This one is ok... sure beats the blue one we already have. But, no--- not with black leather.










How's the Touareg? V8 or V6? I think the V10 TDI has been released.


----------



## uter (Jan 6, 2002)

JPinTO said:


> How's the Touareg? V8 or V6? I think the V10 TDI has been released.


The T-reg is a V8. It's a very good, very fast truck. The wife looks really cool in it. I don't relish sitting up that high, though.

You know, go take a look at that Britax Marathon. It looks much better in person and doesn't clash with your dark interior as much as you might think.


----------



## FlyingDutchMan (Jul 18, 2003)

You gotta respect the kid and get 'em the Recaro, that is just money. I still need to get an office chair like that.


----------



## Plaz (Dec 19, 2001)

JPinTO said:


> We've got a blue jean colored one with a white plastic shell. A visual abomination that I learned to ignore in my wife's truck. That is why I still have nothing in my M3.


We have two of those... one in each E46.

I take it out of my car regularly when I know I won't be driving the family around for more than a day or two. I've become a pro at getting it in securely, very quickly. The whole LATCH deal makes it pretty easy.

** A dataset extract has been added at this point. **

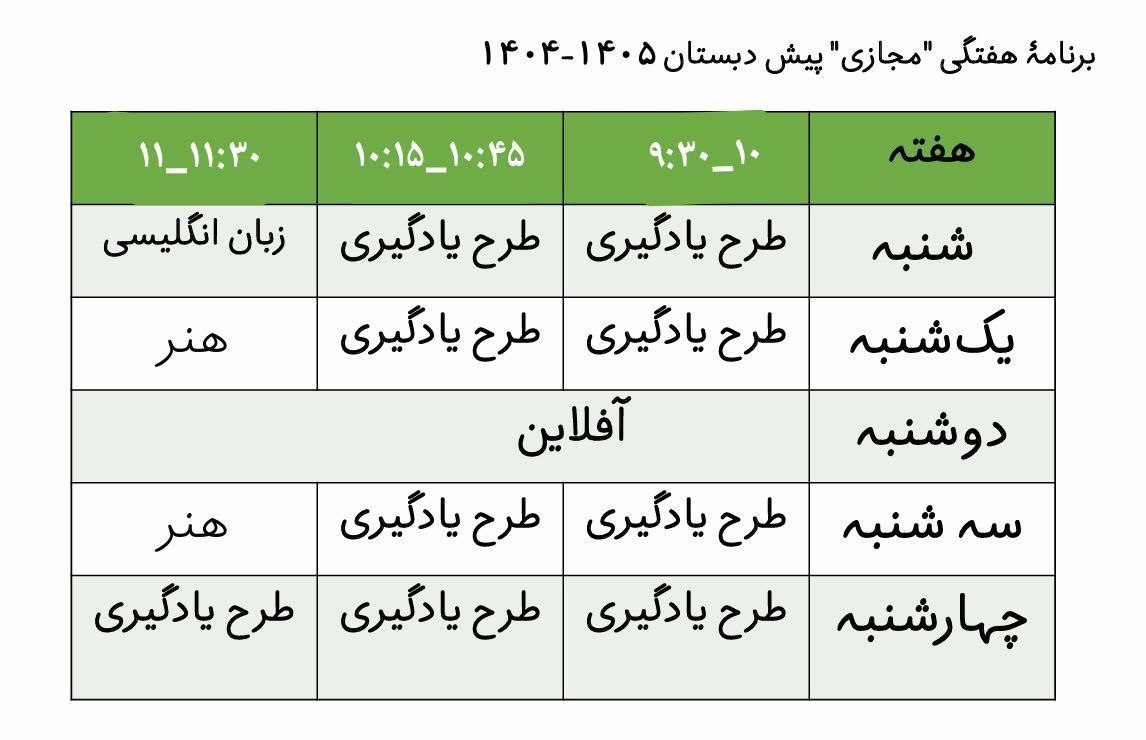 معرفی تیم پایه پیش‌دبستان (ساعات ملاقات)

The denim is definitely less tacky than the rest of their horrible WT prints.


----------



## bymer (Dec 28, 2003)

*Peg Perego infant seat works out just fine*

We have a Peg Perego infant seat - of course it doesn't go with the 
Imola Red/Cinnamon Napa Leather, but I don't think its a big deal. the main thing is that the junior loves the seat & the ride


----------



## pabian (Dec 28, 2003)

*You can special order the covers people*

My wife bought a britax with the plaid cover. I told her I would kill myself before putting that in my car. She ordered a very neutral grey with a light silver stripe pattern cover which I just swapped out. Go to Britax.com (or the site for the respective manufacturer) for details.


----------